I try do so . Here my code. This code iterates through the parameters to find those about which the model has the maximum R-squared

library(forecast)
library(zoo)

# Convert the dataset to data.table
dat1197 <- as.data.table(dat1197)

# Convert the Dates column to Date format
dat1197$Dates <- as.Date(paste(dat1197$Dates, "-01", sep=""))
# Create a time series without a Dates column

# Dividing the sample into training and test
train_data <- dat1197[Dates < as.Date("2023-11-01")]
test_data <- dat1197[Dates >= as.Date("2023-11-01") & Dates <= as.Date("2024-01-01")]
ts_data <- zoo(train_data[, c("total")])
# Specifying predictors
xreg <- train_data[, c("conv_count", "unique_id_publishers", "median_seconds")]
# Convert predictors to a numeric matrix
xreg_matrix <- as.matrix(xreg)

best_model <- NULL
best_r_squared <- 0

# Loop for selecting ETS model parameters with maximum R-squared
for (error in c("A", "M")) {
   for (trend in c("N", "A", "Ad", "M")) {
     for (seasonal in c("N", "A", "Ad", "M")) {
       model <- ets(ts_data, model = paste0(error, trend, seasonal), xreg = xreg_matrix)
       r_squared <- accuracy(model)$R2
       if (r_squared > best_r_squared) {
         best_model <- model
         best_r_squared <- r_squared
       }
     }
   }
}

# Obtaining forecasts for the test period
forecast_data <- forecast(best_model, xreg = as.matrix(test_data[, c("conv_count", "unique_id_publishers", "median_seconds")]), newdata = as.matrix(test_data[, c("conv_count", "unique_id_publishers ", "median_seconds")]), h = nrow(test_data))

and i get error

Error in ets(ts_data, model = paste0(error, trend, seasonal), xreg = xreg_matrix) :
   No model able to be fitted

What did i wrong and how correct perform time series using my predictors? Any help from you is valuable.


Solution

    1. ets() does not have an xreg argument.
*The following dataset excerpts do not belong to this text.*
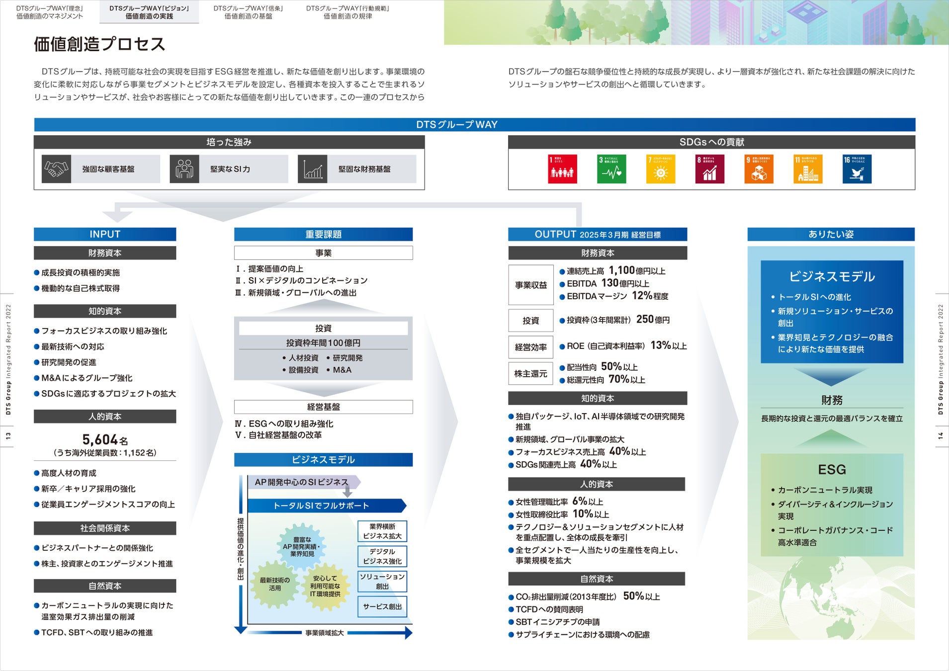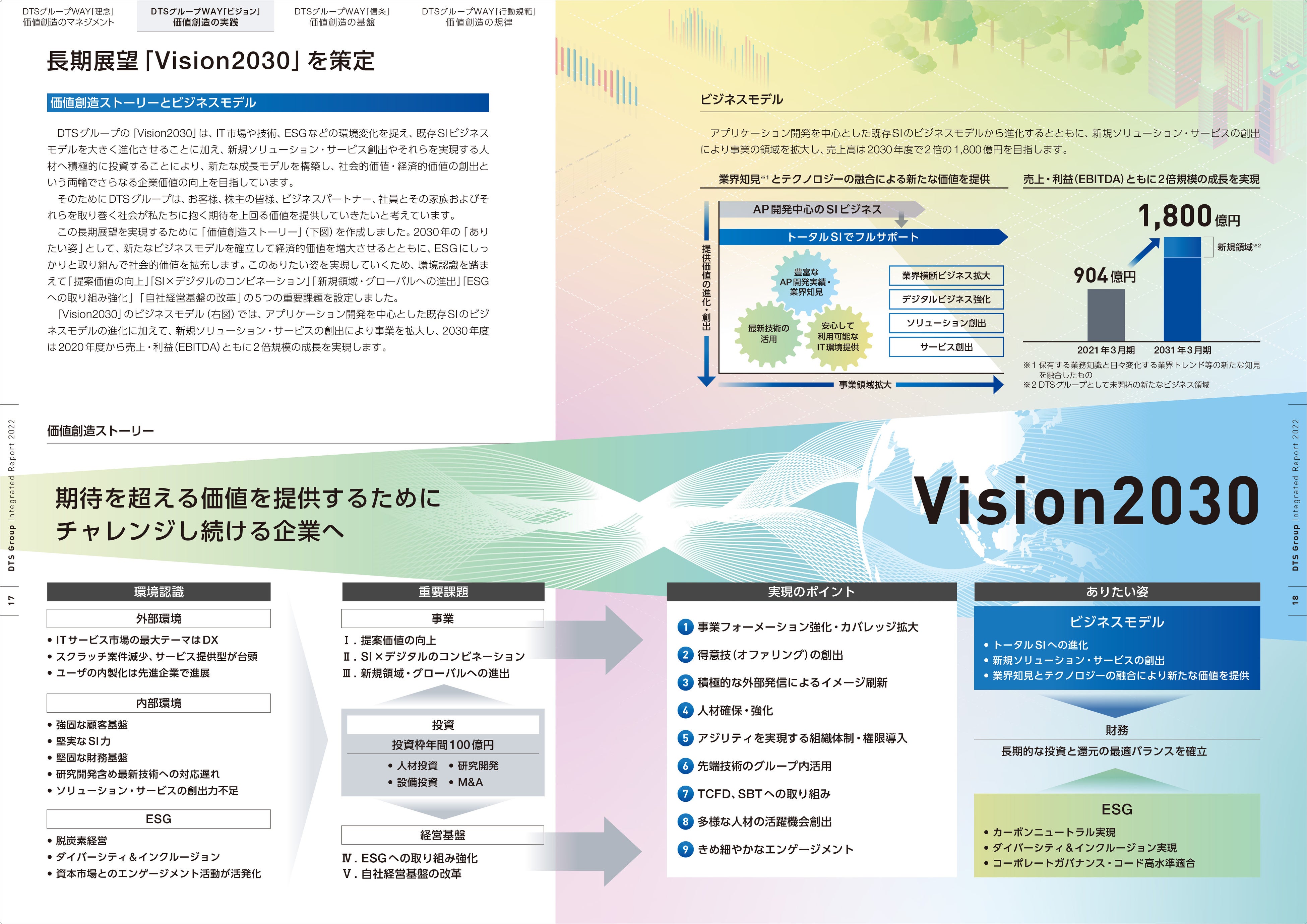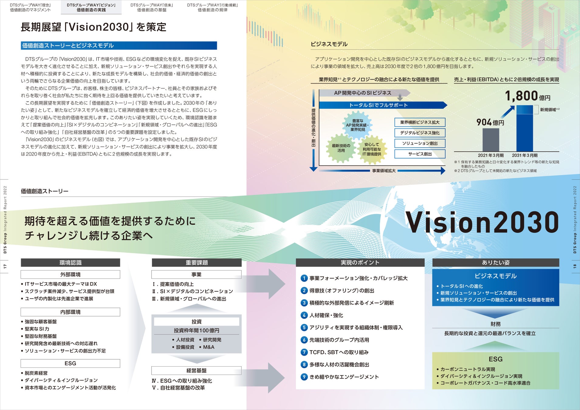 本報告書では、2022年4月に新たに策定した長期展望「Vision2030」と中期経営計画を紹介するとともに、ビジョンとして掲げた「期待を超える価値を提供するためにチャレンジし続ける企業へ」の実現に向けた中長期的な視点でのDTSグループの価値創造プロセスや、新たな事業セグメント、注力して取り組むビジネス領域等のビジネスモデルの変革について説明しています。
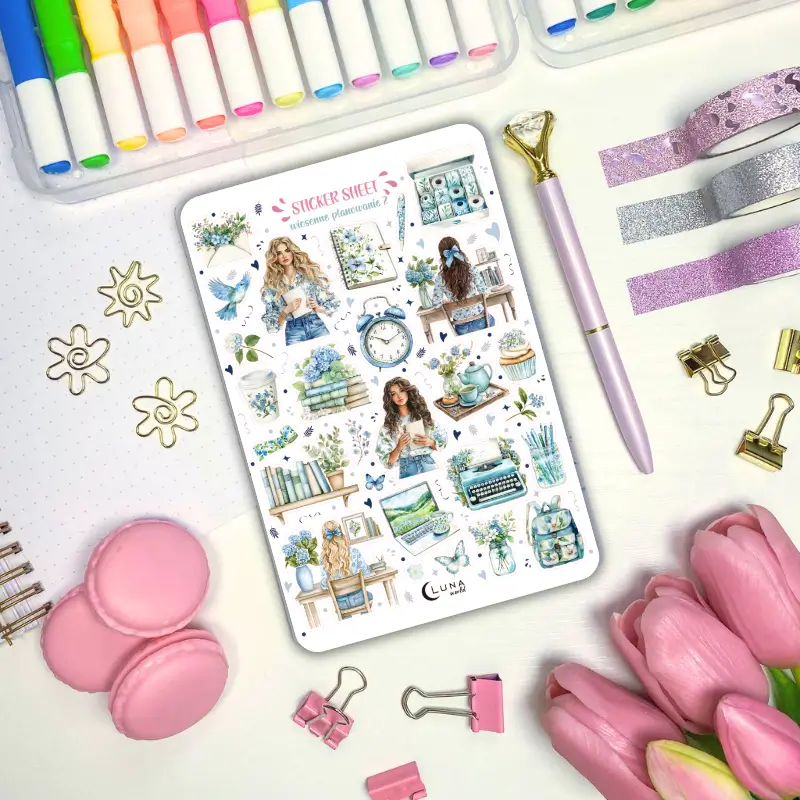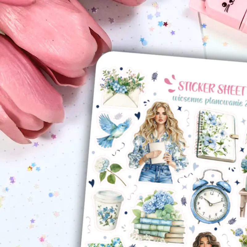 Jeśli lubisz delikatne, pastelowe kolorowe naklejki to zestaw stworzony z myślą o Tobie. Arkusz naklejek akwarelowych z wiosennym motywem ozdobi Twój planner, bullet journal czy zeszyt. Arkusz naklejek zawiera 29 sztuk papierowych naklejek.
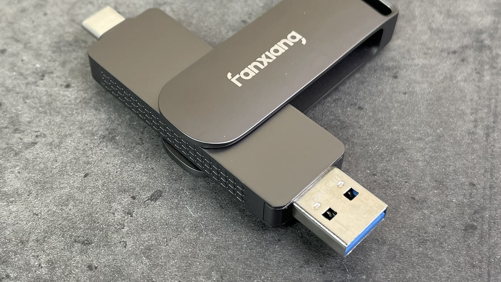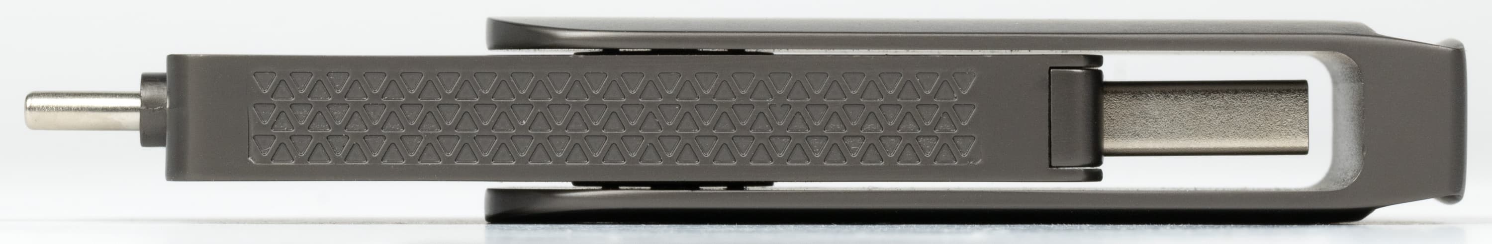 Флэшка имеет размеры 85×20×12 мм, что солидно, но еще терпимо. Напомним, что модели с отделяемым кабелем обычно еще крупнее, да и сам по себе кабель в сложенном виде занимает места столько же, сколько такая флэшка, а то и больше. Другой вопрос, что кабель-удлинитель может пригодиться и в этом случае — из-за внушительной массы 53,6 г. оставлять флэшку торчать прямо в порту чревато. Особенно если говорить про мелкий Type-C с его сложной многоконтактной структурой. А именно он тут является основным — Type-A на другом конце корпуса служит лишь для совместимости, поскольку полную скорость через него получить в принципе невозможно.

See the help files. The smooth::es() function does allow for covariates.
    2. There is no point looping over models in this way, as ets() does that internally if you don't specify the model argument.
    3. R-squared is a bad way to select a prediction model. It does not allow for model complexity, and it measures correlation rather than forecast accuracy. Imagine forecasts that are exactly half the value of the corresponding observations to see the problem.